Beta Wealth Group
Senior Financial Writer, Capital Group
Let’s talk about dream clients. They collect high salaries and are mathematically inclined. Many habitually save and invest large portions of their income.
Who are these people? Engineers, says Jodi Vleck, CEO of Beta Wealth Group, a San Diego-based RIA with more than $200 million in assets under management. Upwards of 70% of Beta Wealth Group’s clients are engineers, typically either electrical engineers or mechanical engineers, and they are often employed in the technology sector.
Vleck started working with engineers in the early 2000s while a financial consultant at Hewlett-Packard’s credit union.

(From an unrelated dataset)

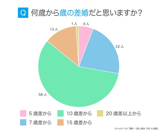 歳の差婚だと思う年齢差を聞いてみたところ、「10歳差から」と回答した人が58人で最多でした。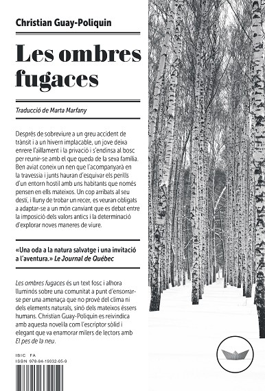Les ombres fugaces és un text fosc i alhora lluminós sobre una comunitat a punt d’ensorrar- se per una amenaça que no prové del clima ni dels elements naturals, sinó dels mateixos éssers humans. Christian Guay-Poliquin es reivindica amb aquesta novel·la com l’escriptor sòlid i elegant que va enamorar milers de lectors amb El pes de la neu.

She learned that engineers are an ideal group to offer financial guidance to, given their focus on building a financially sound future and bent toward math (Vleck was an economics teacher).
So, after opening her own RIA firm in 2009, she focused on building an RIA practice serving this niche. “They (engineers) sacrifice new cars and fancy vacations because they are trying to chip away at their financial goals,” she told Capital Group. “They are very good savers.”
Engineers commonly rank among highest-paid professionals
How to plug in with engineers (or any niche audience)
Vleck’s first-hand experience shows the power of focusing on a narrow band of clients, rather than casting a wide net. Catering to a demographic, above what a generalist can offer, can boost your value to its members and create a network.
In her experience, Vleck found three techniques to help boost her appeal to a niche audience:
Speak their language. Engineers think mathematically, so explain their financial situation in the terms they prefer. Vleck dives into risk and returns calculations with her clients, showing them the details of average annual market returns and standard deviation (a measure of market volatility). This might turn off a client who is an English teacher, but Vleck’s core audience responds.
Common beliefs held by members of a profession can present hurdles for advisors. For example, many of Vleck’s clients are value investors, hoping to invest in stocks declining in price. A lower price-to-earnings ratio must be better than a higher one, right? Vleck, though, has found that chasing “cheap” stocks doesn’t necessarily have a positive result. To show engineering clients why it’s valuable to maintain a diversified portfolio across asset classes instead, Vleck explains using math.
Engineers wanted a periodic table of investments showing which ones to buy. Such a thing doesn’t exist. But the chart below shows statistics plotting how various asset classes take turns offering the best returns. This explains why it’s best to own these asset classes most of the time. The presentation connects with engineers, as it’s the kind of thing they’re used to seeing at work.
Show your value from your client’s perspective. The challenge in working with engineers is their tendency to “get caught up in the weeds,” Vleck says. Vleck spends much of her time keeping clients focused on their broad goals amid the swirl of market events and news.
Vleck also found that many engineers see money issues as math problems, and something they can solve themselves. Many engineers, especially early in their careers, think they don’t need help. Knowing that engineers think this way and getting ahead of their concerns are key to reaching them.
If rising interest rates are in the news, for instance, Vleck brings the topic up with clients. Rather than getting into a discussion over whether rates will or won’t rise and by how much, the conversation is framed in terms engineers appreciate: tolerance levels. “We aren’t going to try to predict, but here’s where your parameters are,” she says. “They walk (away) with a more thorough knowledge of how we are being proactive with their portfolios,” she says.
Be more than just a financial advisor. Getting steeped in your clients’ profession allows you to be even more relevant to them, creating a sort of widening network. Within the engineering community, for example, Vleck isn’t just an advisor but also a de facto career coach and recruiter.
She noticed over time that at around the age of 55 , many engineers found themselves laid off or bought out. It’s at that age engineers become highly specialized and expensive. Many could come to see Vleck for help at this critical juncture. Vleck adjusted her approach. With many clients now, she’s almost as interested in their resumes as their tax returns. Vleck uses her connections with other engineers and executives at firms she’s worked with who hire engineers. “I have inadvertently become a point person for (engineering) jobs,” she says. Companies looking for engineers will often also reach out to Vleck for referrals. That’s just another reason for engineers to know Vleck.
With her knowledge of the industry, Vleck can also coach younger engineers earlier in their careers for what is often a high starting salary but limited growth opportunities over time. That might mean investing in training in order to go into management, spending on additional education or gearing up to launch an independent consulting firm.
Vleck knows her niche approach is working. Her firm is growing — even while doing no advertising. Referrals all come from word of mouth.
“When engineers move into management, they really start to understand they can’t be expert at everything,” Vleck says. “They really understand the value of hiring good and talented people to work with them.”